◆ **Supplied entries**:

━━━━━━━━

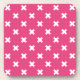 White cross stitches on fuchsia coaster
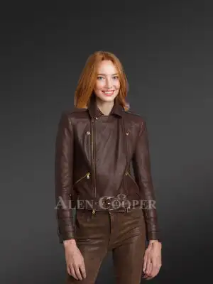 Womens Cropped Moto Leather Jacket Snugly Glowing Your Wintry Eventide
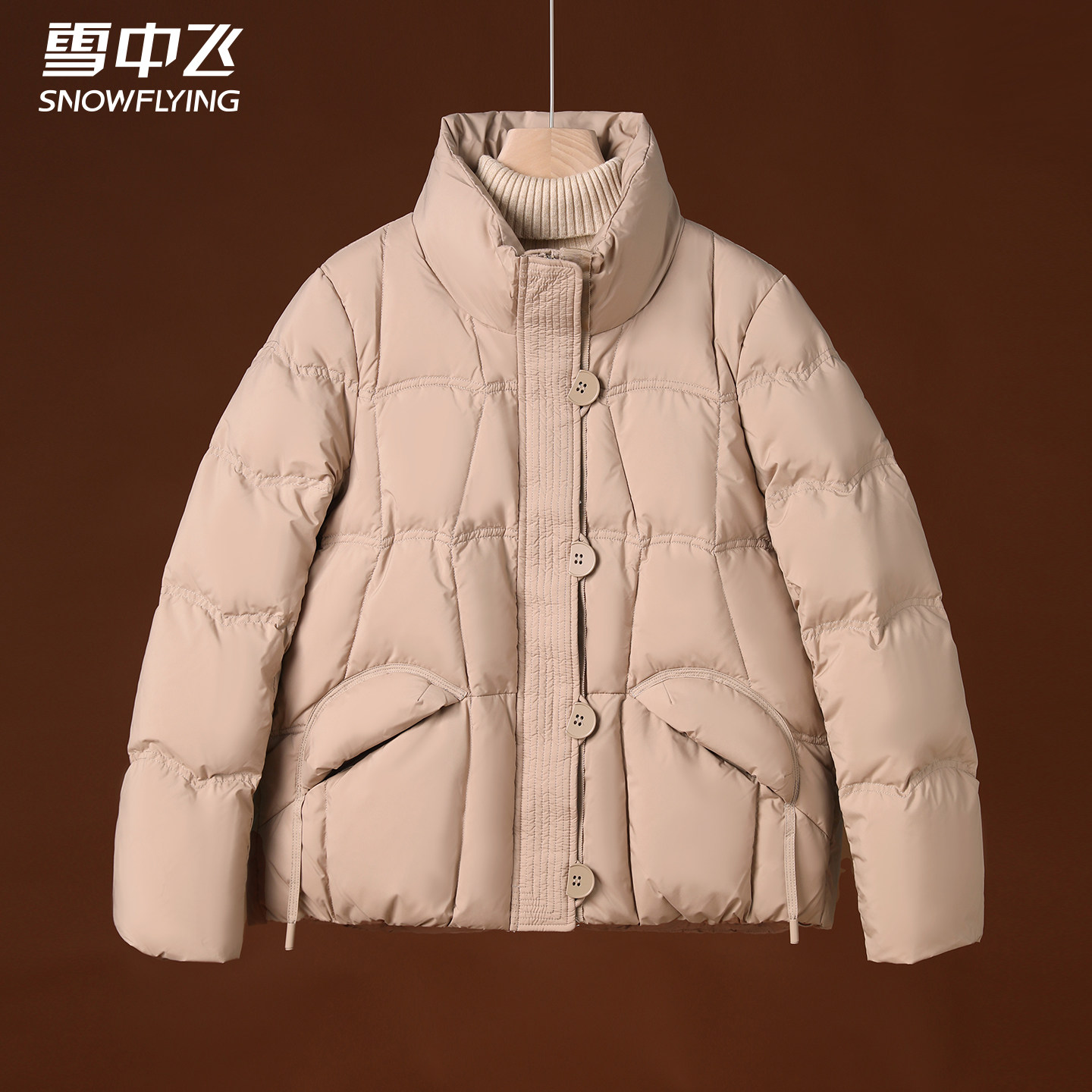 雪中飞妈妈羽绒服短款冬季新款轻薄立领中年女士冬装中老年人外套
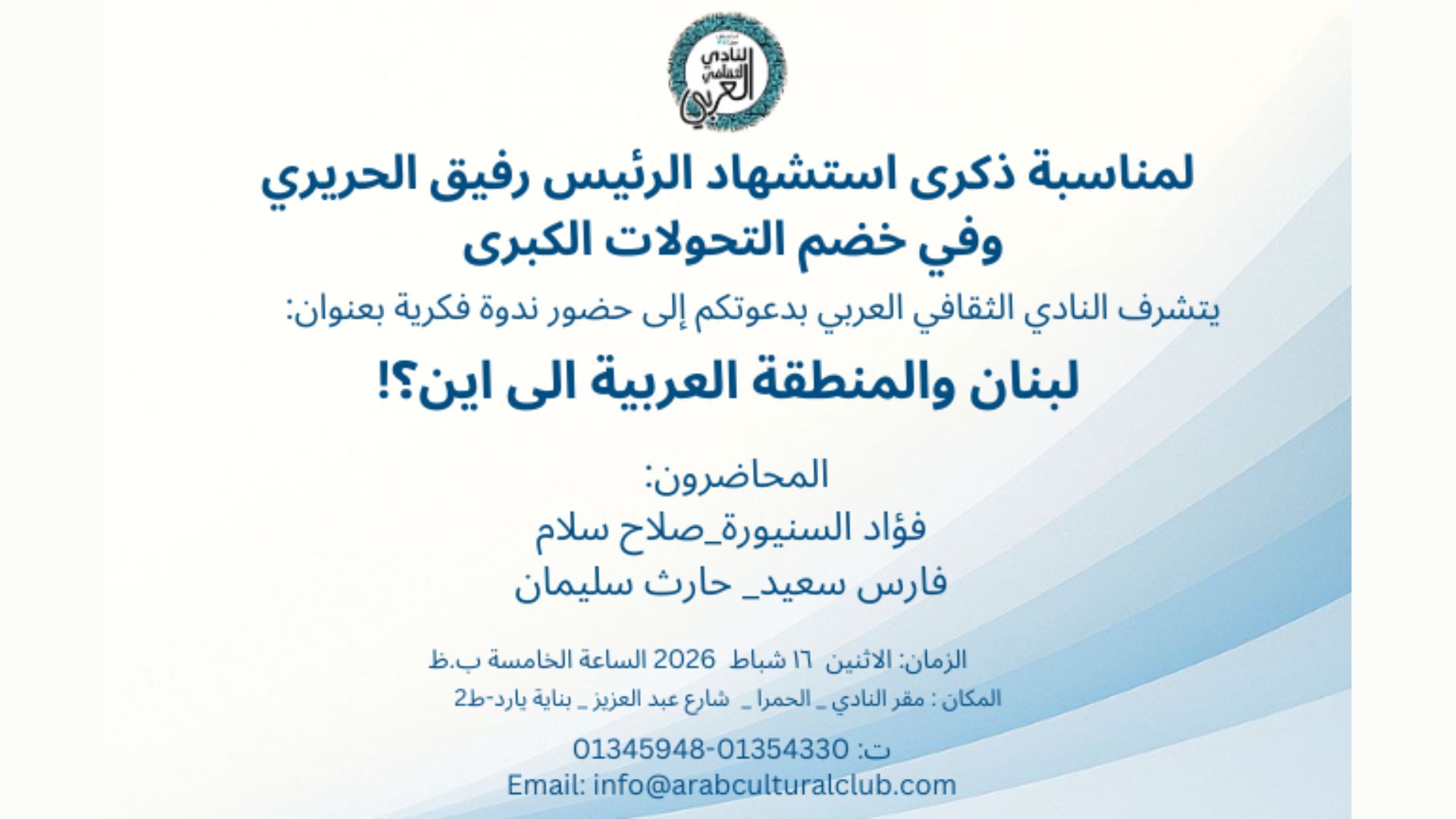 النادي الثقافي العربي يتشرف بدعوتكم إلى حضور ندوة فكرية الاثنين 2026/2/16
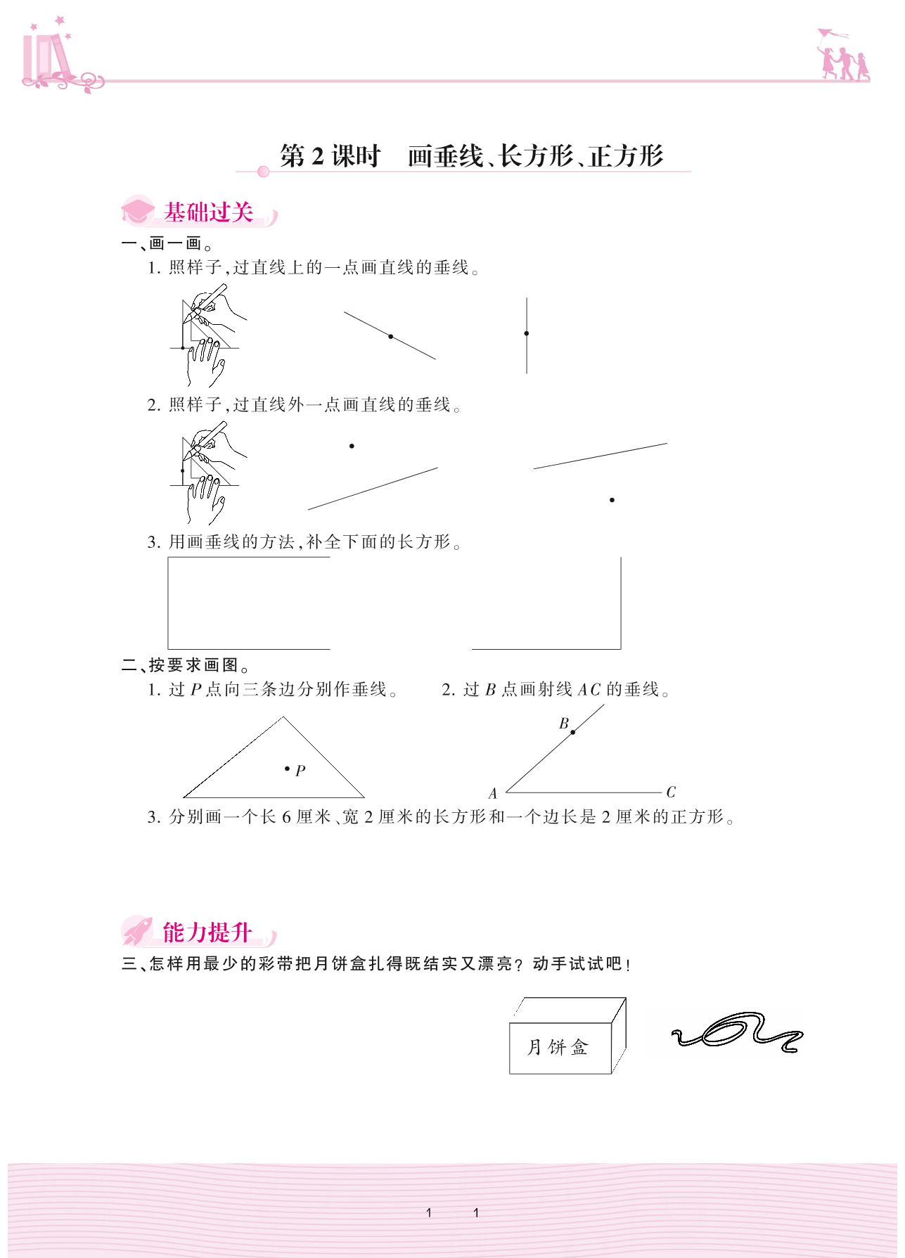 2020上册四年级数学冀教版 七 垂线和平行线 1. 垂线——第2课时 画垂线、长方形、正方形
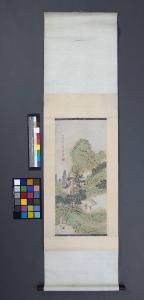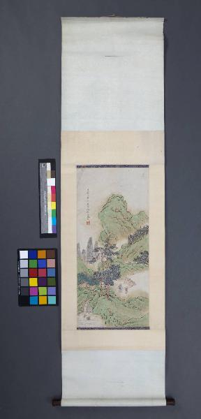 Dipinto verticale (kakemono) in carta dipinta in policromia raffigurante un paesaggio montano con due figure verso il basso.

━━━━━━━━

◆ **Aim of the task**: Leaving out the pictures, restate word for word the lines above from the one containing "雪中飞妈妈羽绒服短款冬季新款轻薄立领中年女士冬装中老年人外套" through the end of the records, both ends included.

◆ **Task response**:
 雪中飞妈妈羽绒服短款冬季新款轻薄立领中年女士冬装中老年人外套
 النادي الثقافي العربي يتشرف بدعوتكم إلى حضور ندوة فكرية الاثنين 2026/2/16
 2020上册四年级数学冀教版 七 垂线和平行线 1. 垂线——第2课时 画垂线、长方形、正方形
 Dipinto verticale (kakemono) in carta dipinta in policromia raffigurante un paesaggio montano con due figure verso il basso.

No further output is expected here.